Saturday, August 23, 2008

Reasons text mining will fail. I. UTM Grid References and GenBank accession numbers

OMG. Playing with extracting identifiers from text, I have a regular expression for GenBank accession numbers that looks something like this:
(A[A-Z])[0-9]{6} | (U[0-9]){5} | (D[A-Z])[0-9]{6} | (E[A-Z])[0-9]{6} | (NC_)[0-9]{6}).
OK, it won't get everything, but what is more worrying are the things it will pickup that aren't GenBank accession numbers.

For example, I ran Robert Mesibov's 2005 paper "The millipede genus Lissodesmus Chamberlin, 1920 (Diplopoda: Polydesmida:
Dalodesmidae) from Tasmania and Victoria, with descriptions of a new genus and 24 new species" [PDF here] through a script, and out came loads of GenBank accession numbers ... which is a worry as there aren't any sequences in this paper.
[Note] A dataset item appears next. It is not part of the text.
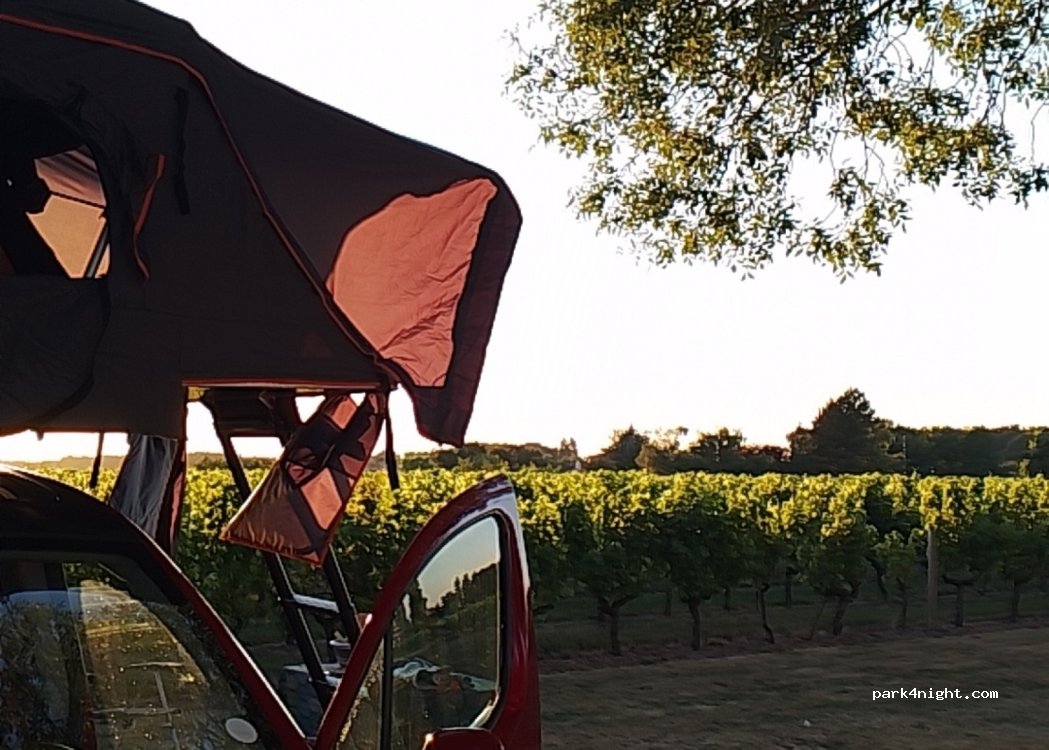 Nous avons appelé au préalable le domaine afin de demander si nous pouvions y passer la nuit en tente de toit. Le domaine est très beau, nous avons été très bien accueillis par une dame qui nous a fait une super dégustation ! Nous avons acheté quelques bouteilles en échange de son hospitalité. Nous avions accès aux WC et douche. Une nuit calme et paisible !

Turns out, Mesibov uses UTM grid references to describe localities, and these look like just GenBank accessions. There is a nice web site here which describes how UTM grid references are determined in Tasmania (from which the image below is taken).

Not all the "accession numbers" in Mesibov(2005) exist in GenBank, but some do, for example grid reference DQ402119 (41°26'31''S 146°17'02''E) is also a sequence DQ402119 and, you guessed it, it's not from a millipede. So, I need to be a little bit careful in extracting identifiers from text.